NUMA policy: NUMAPolicy= and NUMAMask= control memory allocation policy. For databases or in-memory caches, binding to a specific NUMA node can reduce memory access latency by 40–100ns per access (local vs. remote NUMA on a typical dual-socket system).

Memory limits: MemoryMax= and MemoryHigh= use the cgroup memory controller. MemoryHigh is a soft limit that triggers reclaim pressure; MemoryMax is a hard limit that triggers the OOM killer. This prevents a runaway service from pushing the entire system into swap death.

I/O control: IOWeight= and IODeviceWeight= use the cgroup I/O controller (blk-cgroup). You can ensure your latency-sensitive database gets I/O priority over batch jobs.

Parallel startup: systemd builds an explicit dependency graph and starts services in parallel wherever possible. Socket activation (more on this below) further increases parallelism by removing ordering dependencies.

Socket activation: systemd can create listening sockets before starting the service. The service inherits the socket via file descriptor passing:

#include <systemd/sd-daemon.h>
 
int main(void) {
    int n = sd_listen_fds(0);
    if (n > 0) {
        int listen_fd = SD_LISTEN_FDS_START;  // fd 3
        // listen_fd is already bound and listening
    }
}

This has two performance implications:

  1. Services can start on-demand (first connection triggers startup), reducing idle resource usage.
  2. Boot parallelism increases because services don’t need to wait for their dependencies to finish binding sockets — systemd holds the socket and buffers connections until the service is ready.

The notify protocol

For services that need initialization time, Type=notify lets the service signal readiness:

sd_notify(0, "READY=1");
sd_notify(0, "STATUS=Processing requests...");
sd_notify(0, "MAINPID=1234");

This replaces the old pattern of “fork, do setup, signal parent, parent exits” with an explicit readiness notification. systemd doesn’t consider the service “up” until it receives READY=1, so dependent services wait for actual readiness rather than guessing based on fork timing.


OpenRC: The Middle Ground

Gentoo’s OpenRC (and Alpine Linux’s default) takes a pragmatic middle path. It uses shell-script service definitions but with better process management than SysVinit:

#!/sbin/openrc-run
 
command="/usr/sbin/mydaemon"
command_args="--config /etc/mydaemon.conf"
command_background=true
pidfile="/var/run/mydaemon.pid"
 
depend() {
    need net
    after firewall
}

OpenRC manages the backgrounding itself when command_background=true — the daemon doesn’t need to double-fork. It uses start-stop-daemon, which handles PID tracking more reliably than raw shell scripts.

What OpenRC lacks

OpenRC doesn’t use cgroups by default (though it can optionally integrate with them). This means:

  • No automatic process tree tracking
  • No built-in CPU affinity or NUMA policy
  • No memory or I/O limits without external tools
  • Service cleanup on stop relies on PID tracking, not cgroup-based kill

For performance-critical deployments, this means you’re back to manually managing taskset, numactl, cgroups, and ulimit in your service scripts or wrapper scripts.

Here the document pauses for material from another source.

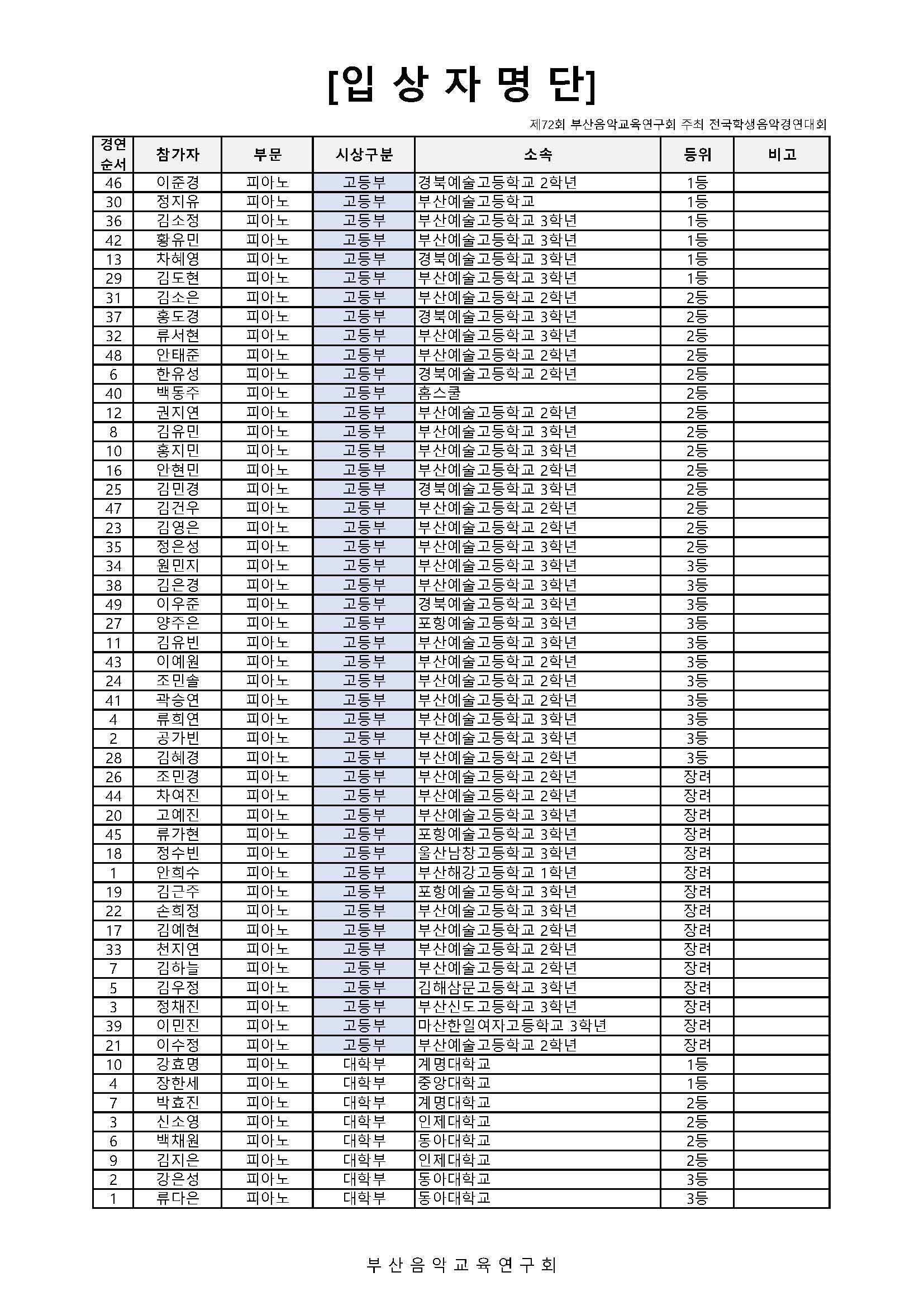 2021년 제72회 입상 결과 작성자키타라|작성시간21.05.16|조회수2,025 목록 댓글 0 글자크기 작게가 글자크기 크게가 다음검색 현재 게시글 추가 기능 열기 북마크 공유하기 신고 센터로 신고 댓글 댓글 0 댓글쓰기 답글쓰기 댓글 리스트
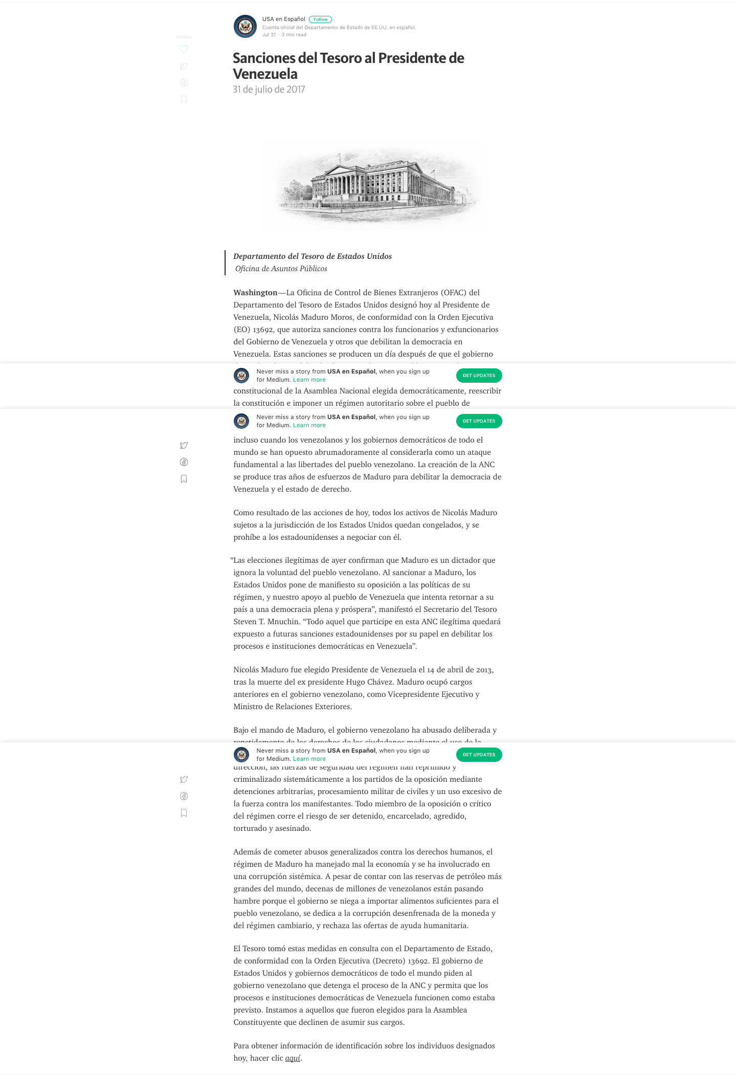 “Las elecciones ilegítimas de ayer confirman que Maduro es un dictador que ignora la voluntad del pueblo venezolano. Al sancionar a Maduro, los Estados Unidos pone de manifiesto su oposición a las políticas de su régimen, y nuestro apoyo al pueblo de Venezuela que intenta retornar a su país a una democracia plena y próspera”, manifestó el Secretario del Tesoro Steven T. Mnuchin. “Todo aquel que participe en esta ANC ilegítima quedará expuesto a futuras sanciones estadounidenses por su papel en debilitar los procesos e instituciones democráticas en Venezuela”.

OpenRC does support parallel startup and has explicit dependency declarations, so boot time is reasonable. Its footprint is also much smaller than systemd — the init process itself uses minimal memory and CPU, which matters on embedded systems or containers.


runit and s6: Supervision Trees

runit and s6 (by Laurent Bercot) represent the “Unix philosophy” approach to init: small, focused tools composed together.

A runit service is a directory with a run script:

#!/bin/sh
exec /usr/sbin/mydaemon --foreground --config /etc/mydaemon.conf

That’s it. No daemonizing. The service runs in the foreground, and the supervisor (runsv) manages it. If it exits, runsv restarts it. Logging is handled by a paired log/run script that reads the service’s stdout/stderr.

s6 is architecturally similar but more rigorous. It provides:

  • s6-svc for service control
  • s6-svstat for status queries
  • s6-log for reliable logging with automatic rotation
  • Readiness notification (similar to systemd’s Type=notify)
  • Proper dependency management via s6-rc

Performance characteristics

The supervision model (runit, s6) has interesting performance properties:

Low overhead: The supervisor processes are tiny. runsv is a single small C program that calls fork, exec, and wait in a loop. There’s almost no overhead beyond the kernel’s process management.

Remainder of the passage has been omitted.